Results and Conclusions of Drevenhorn et al. (2007)
Statistically Significant Findings
Statistically significant results were quite limited. Mean systolic BP for the participants dropped from 141.9 to 137.5 (p=0.015). Women’s mean weight dropped from 73.8 kg to 72.3 kg (p=0.005). The mean waist to hip ration of women dropped from 20 to 11 (p=0.005). Men’s mean triglycerides increased from 15 mmol/l to 17 mmol/l (p=0.034). No other results (another 14 measures) were noted as being statistically significant.
Other Findings
Other findings were interesting, however. In general, the patients increased their levels of exercise. None of the statistics got the patients into normal levels if those measures were not normal at the start of the study. Alcohol consumption did not change. Two of 14 smokers stopped smoking. Most importantly, however, medications for some participants, including medications for hypertension and cholesterol control, were adjusted individually for participants based on medical need over the 15 months of the study. Thus it is impossible to determine if the effect of the study derived from interventions or from a more appropriate medication regimen.

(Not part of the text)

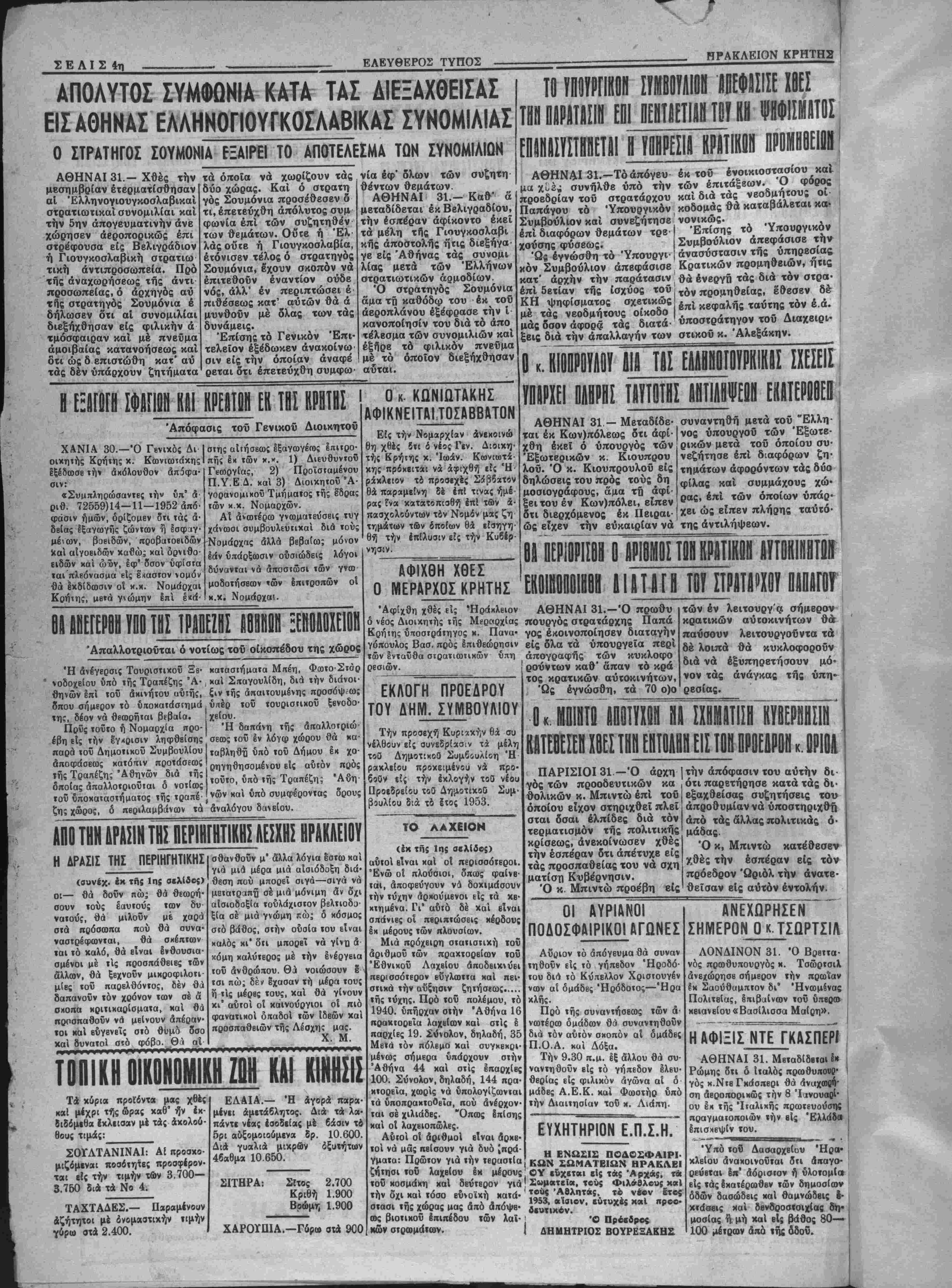 μέ<ων, βαβιδών, προβατοειδών καί αΐγοειδώ,ν καϋώ; χαί δρνιθο- ειδών καί ώϋν, έφ' δσον ύφΐσια ται πλεόνασμα είς Ιχαστον νομόν θά έκδίδοοσιν οΐ κ.κ. Νομάρχαι —Ο*ίττις, μβτά γνώμην §πί ε*ά· σ«ης αίιήσεως εξαγωγέτος έπΐΐρο- πής εκ των κ.*. 1) Διευθυντού Γεωργίας, 2) Προϊσίαμένου Π.Υ.Ε Δ. και 3) Διοικητοΰ *Α· γορανομιχοϋ Τμήμαΐος τής έ'δρας των χ.κ. Νομαρχών. ΑΙ ανωτέρω γνωματεύσεις τυγ χάνωσι συμβουλευιιχαί διά «ούς Νομάρχας άλλά βεβαία); μόνον εάν ύπάρξωσιν ούσιώδεις λόγοι δύνανται νά αποστώσι των γνω μοδοτησβων <ων επιτροπών οί Η.κ. Νομάρχαι. 8» ί1Μ ΪΡ0ΙΗΠΡΜ Μ8Κ Άπαλλοτριοΰται ό νοτίως τοϋ οίκοπέδου της χώρος Ή ανέγερσις Τουριστικοΰ Ξβ· νοδοχβίου υπό τής Τραπέζης Α¬ θηνών επί τοΰ ακινήτου αυτής, δπου σήμερον τό ύποκατάστημά της, δέον νά θεοοοήται βεβαία. Πονς τουτο ή Νομαρχία προ¬ έβη είς την έγκρισιν ληφθβίσης παρά τού Δημοιικοΰ Συμβουλίου αποφάσεως κατόιιν προτάσεως ΐής Τραπέζης Αθηνών διά τής οποίας άπαλλοτριοΰιαι δ νοΐίως ι οί ΰποχαιαστήματος τής τραπέ' ζή; χώρος, 6 πΒριλαμβιίνων τα κατασιήματα Μπέη, ΦωτοΣτάρ , καί Σίΐαγουλίδη, διά την διάνοι ξιν τής απαιτουμένης προσόψ,ως ,ύπέρ τοΰ τουρισΐιχοϋ ξενοδο χείου. Ή δαπάντι τής άπαλλοτριώ σεως τοΰ §ν λόγφ χώρου θά χα- ταβληθΐ υπό τοΰ Δήμου έκ χο ρηγηθησομένου είς αυτόν πρός τουτο, υπό τής Τραπέζη; Άθη νών χαί υπό συμφέροντας δρους άναλόγου δανείου. Ι Ο κ. ΚΩΝΙΩΤΑΚΗΣ ΑΦΙΚΝΕΙΤΑΙ ΤΟΣΑΒΒΑΤΟΝ Είς την Νομαρχίαν άνεχοινώ θη χθές δτι ά νέος Γεν. Διοιχη· τής Κρήτης κ. Ιωάν. Κωνΐιοτά- κης πρόχίΐτάι νά αφιχθή" είς Έ ράκλεΐον τό προσεχές Σάββατον θά παραμείνη δέ επί τινάς ήμέ ρας Γνα κατατ.οπιοθή' επί των ά· πασχολούντων τόν Νομόν μας ζή τημάτων των οποίων θά εισηγη¬ θή την επίλυσιν είς την Κυβέρ¬ νησιν. ΑΦΙΧθΓχΪΕΣ Ο ΜΕΡΑΡΧΟΣ ΚΡΗΤΗΣ Αφιχθη χθές εις "Ηράκλειον 6 νέος Διοικητής τής Μβραοχίας Κρήτης ΰποστραΊηγος μ. Πανα· γόπουλος Βασ. πρός επιθεώρησιν των ενταύθα στρατιωτικών ύπη ρεσιών. ΑΠΟ ΤΗΗ 1ΡΑΣΙΝ ΤΗΣ ΠΕΡΙΗΤΗΤΙΚΗΣ ΑΕΣΚΗΣ ΗΡΑΚΛΕΙΟΥ Η ΔΡΑΣΙΣ ΤΗΣ ΠΕΡΙΗΓΗΤΑΙ (σονίχ. έκ της 1ης σβλίδο;) οί— θά δοΰν πώ; θά θεωρή- σουν τούς εαυτούς των δυ¬ νατόν;, θά μιλοΰν μέ χαρά οτά πρόσοοπα πού θά συνα* ναστρέφωνται, θά σκέπτων «αι τό καλό, θά είναι Ινθουσια· σμένοι μέ τίς προσπάθβιες των άλλαν, θά ξεχνοϋν μικροφιλοτι- μ!ες τοΰ παοελθόντος, δέν θά οαπανοϋν τόν χρόνον των σέ ά σκοπα κριτικαρίσματα, καί θά προσπαΰοΰν νά μεΐνουν άπέραν· ΐοι καί βΰγενβΐς σιό θυμο δσο χαί δύναται στό φόβο. ΘΊ αί σθανθοΰν μ' άλλα λόγια έστω χαί γιά μιά μερά μιά αίσιόδοξη διά θέση πού μπορεϊ σιγά—σιγά νά μδΐατραπβ σέ μιά μόνιμη άν δχι αίσιοδαξία τουλάχιστον βελτιοδϋ ξία σέ μιά γνώμη πώ; δ χόσμος στό βάθος, στήν ούοία τού είναι χαλός κι' δτι μπορβΐ νά γίντι ά κόμη καλύτερος μέ την ενεργεια τοΰ άνθρώπου. Θά νοιώσουν έ* τσι πώ; δέν έχασαν τή μερά τους ή τίς μέρβς τους, καί θά γίνουν ' αύτοι οί καινούογιοι ο! πιό φανατιχοί δπαδοί των ίδεών χαί προσπαθβιών τής Λέσχης μας. Χ. Μ. ΤΟΠΙΚΗ ΟΙΚΟΝΟΜΙΚΗ ΖΟΗ ΚΑΙ ΚΙΝΗΣΙΣ Τά κύρια προΐίντα μας χθές καί μέχρι τής ώρας καθ ήν ίκ- διδόμεθα ϊκλεισαν μέ τάς ίχολού· θους τιμάς: ΣΟΥΛΤΑΝΙΝΑΙ: Αί προαχο- μιζόμεναι ποαότητες προαφίρον· ται είς την τιμήν των 3.700— 3.750 δια τά Νο 4. ΤΑΧΤΑΔΕΣ.— Παραμίνουν άζήτητοι μέ όνομαστιχήν τιμήν γύρω στά 2.400. ΕΛΑΙΑ.— Ή αγορά παρ«· μένΐι άμετάβλητος. Διά τα λα¬ πόντε νέας εσοδείας μέ βάσιν τό 5ρι αύξομοιούμενα δρ. 10.600. Διά γυαλιά μικρών όξυτήτων 46αθμα 10.650. ΣΙΤΗΡΑ: Σϊτος 2.700 Κριθή 1.900 Βρώμη 1.900 ΧΑΡΟΪΠΙΑ.—Γ6ρ» στά 900 ΑΘΗΝΑΙ 31.

Recommendations and Application to Nursing
The authors themselves note that no real conclusions can be drawn from this study. They noted the need for a larger study, the use of randomization and a control group. They also noted that one year is quite short a time to determine if lifestyle changes made during this study are permanent. Thus, no real recommendations can be made on the basis of this study. There are no direct applications of this study to an evidence-based nursing practice.
Overall Assessment of Drevenhorn et al. (2007)
This study is interesting but is ultimately unsatisfying because the research design was poor. There is no real way to determine what effects derived from the interventions, there was no coherent uniformity of the interventions, and there was no way to define what results derived from changes in medication. Furthermore the results as presented in the paper are distinctly unimpressive. In essence, no real change was noted for 14 of 18 measures, and the changes in the other 4 measures, while statistically significant, were not impressive. Women lost about 3 lbs on average over 15 months. There were self-reported increases in exercise. On the other hand, men gained weight, and men’s triglycerides worsened.
Drevenhorn, E., Kjellgren, K. I., Bengston, A. (2007). Outcomes following a programme for lifestyle changes with people with hypertension. Journal of Nursing and Healthcare of Chronic Illness in association with Journal of Clinical Nursing, 16 (7b), 144-151. doi: 10.1111/j.1365-2702.2005.01493.x
Meehan, A. (2002). Introduction to SPSS 10.1 for Windows (2nd ed.) (Prepared using screen shots from SPSS 10.1 tutorials) [PDF document].Retrieved from from Kutztown University Web site: http://faculty.kutztown.edu/meehan/SPSS10.pdf
Polit, D. F., Beck, C. T. (2012). Nursing Research: Generating and Assessing Evidence for Nursing Practice. Phildelphia, PA: Wolters Kluwer Heath/Lippincott Williams & Wilkins.